* Data:
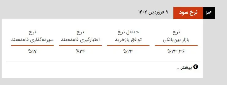 این در حالی است که پیش از این آخرین نرخ سود بین بانکی ثبت شده در سال گذشته ۲۳.۱۴ درصد بود که به هفته منتهی به ۲۴ اسفند ماه ۱۴۰۱ تعلق داشت.
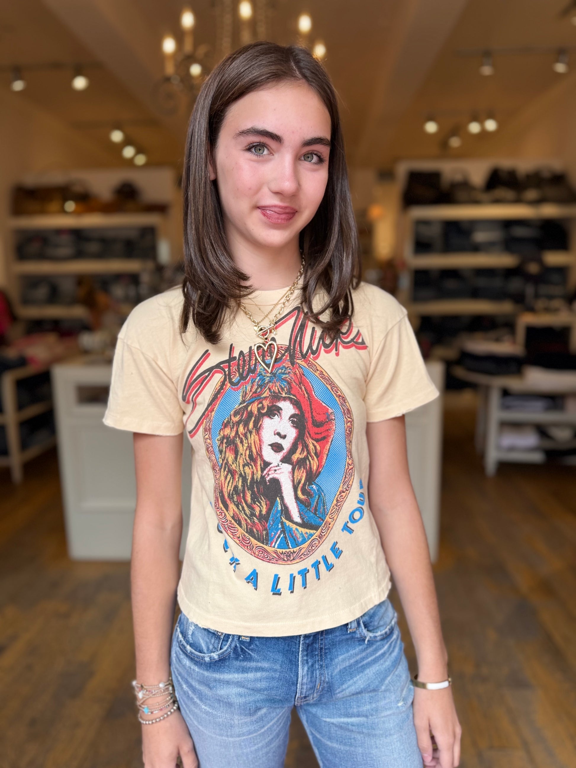 UNIQUE DISTRESSING THROUGHOUT THE BODY AND PRINT.
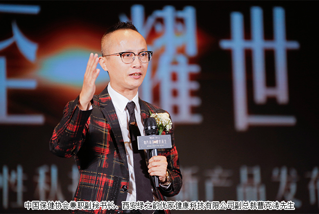 中國(guó)保健協(xié)會(huì)兼職副秘書(shū)長(zhǎng)、西安綠之韻優(yōu)家健康科技有限公司副總裁曹克濤先生,在《你的答案》激勵(lì)人心的旋律中開(kāi)始致辭。告訴我們未來(lái)的答案:拓路前行、領(lǐng)跑趨勢(shì)、權(quán)威品質(zhì)、深藍(lán)戰(zhàn)略,對(duì)如丹品牌的文化、發(fā)展戰(zhàn)略進(jìn)行了精湛的講解。
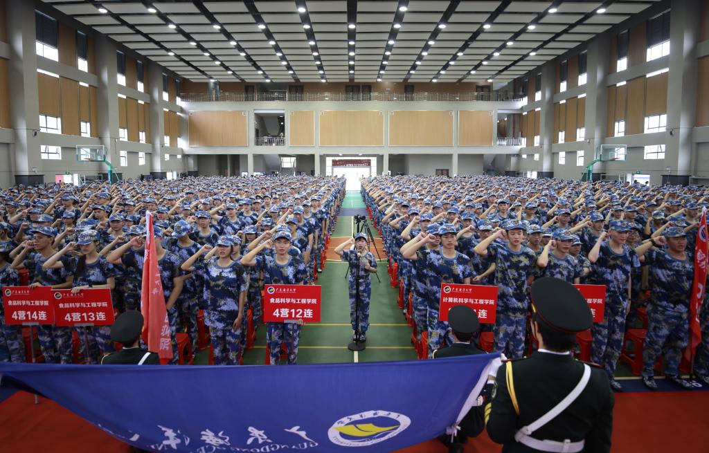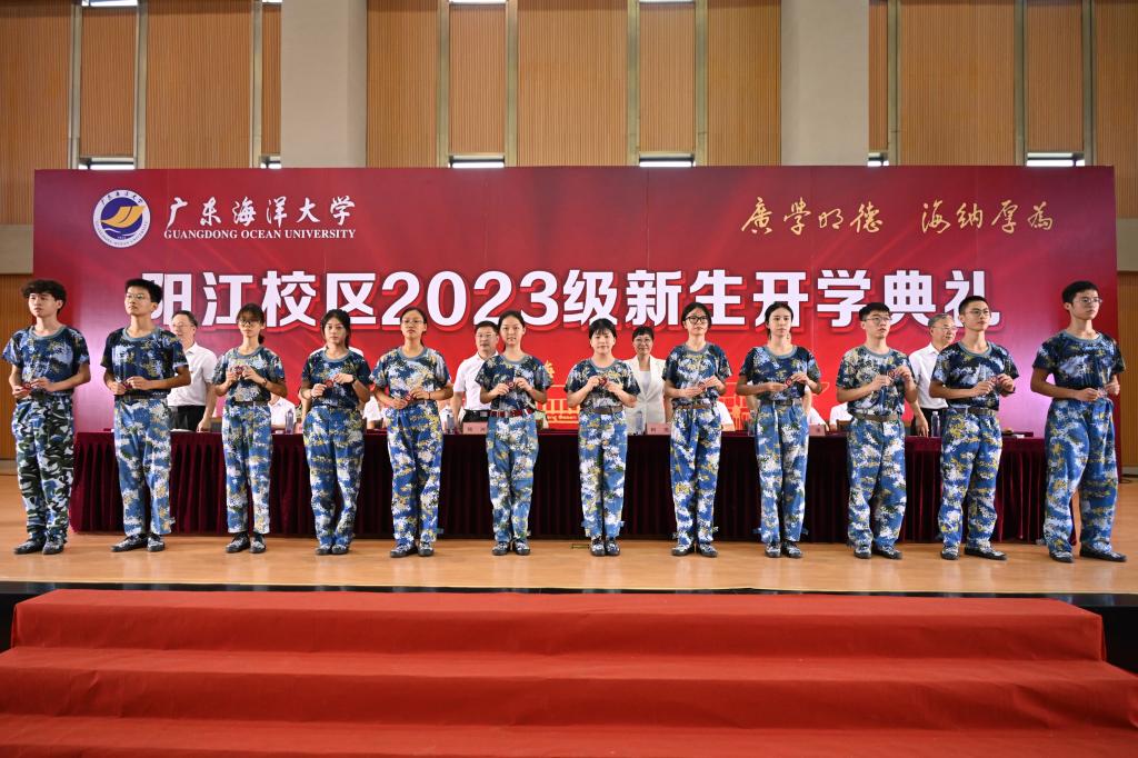 典礼中,学校及阳江市领导为新生代表颁发校徽,全体新生集体宣誓,在全场师生齐唱《我和我的祖国》。

* Your goal: Here the requirement is to restate exactly the line holding "中國(guó)保健協(xié" and every later line through the end of the material, omitting pictures.

* Task result:
 中國(guó)保健協(xié)會(huì)兼職副秘書(shū)長(zhǎng)、西安綠之韻優(yōu)家健康科技有限公司副總裁曹克濤先生,在《你的答案》激勵(lì)人心的旋律中開(kāi)始致辭。告訴我們未來(lái)的答案:拓路前行、領(lǐng)跑趨勢(shì)、權(quán)威品質(zhì)、深藍(lán)戰(zhàn)略,對(duì)如丹品牌的文化、發(fā)展戰(zhàn)略進(jìn)行了精湛的講解。
 典礼中,学校及阳江市领导为新生代表颁发校徽,全体新生集体宣誓,在全场师生齐唱《我和我的祖国》。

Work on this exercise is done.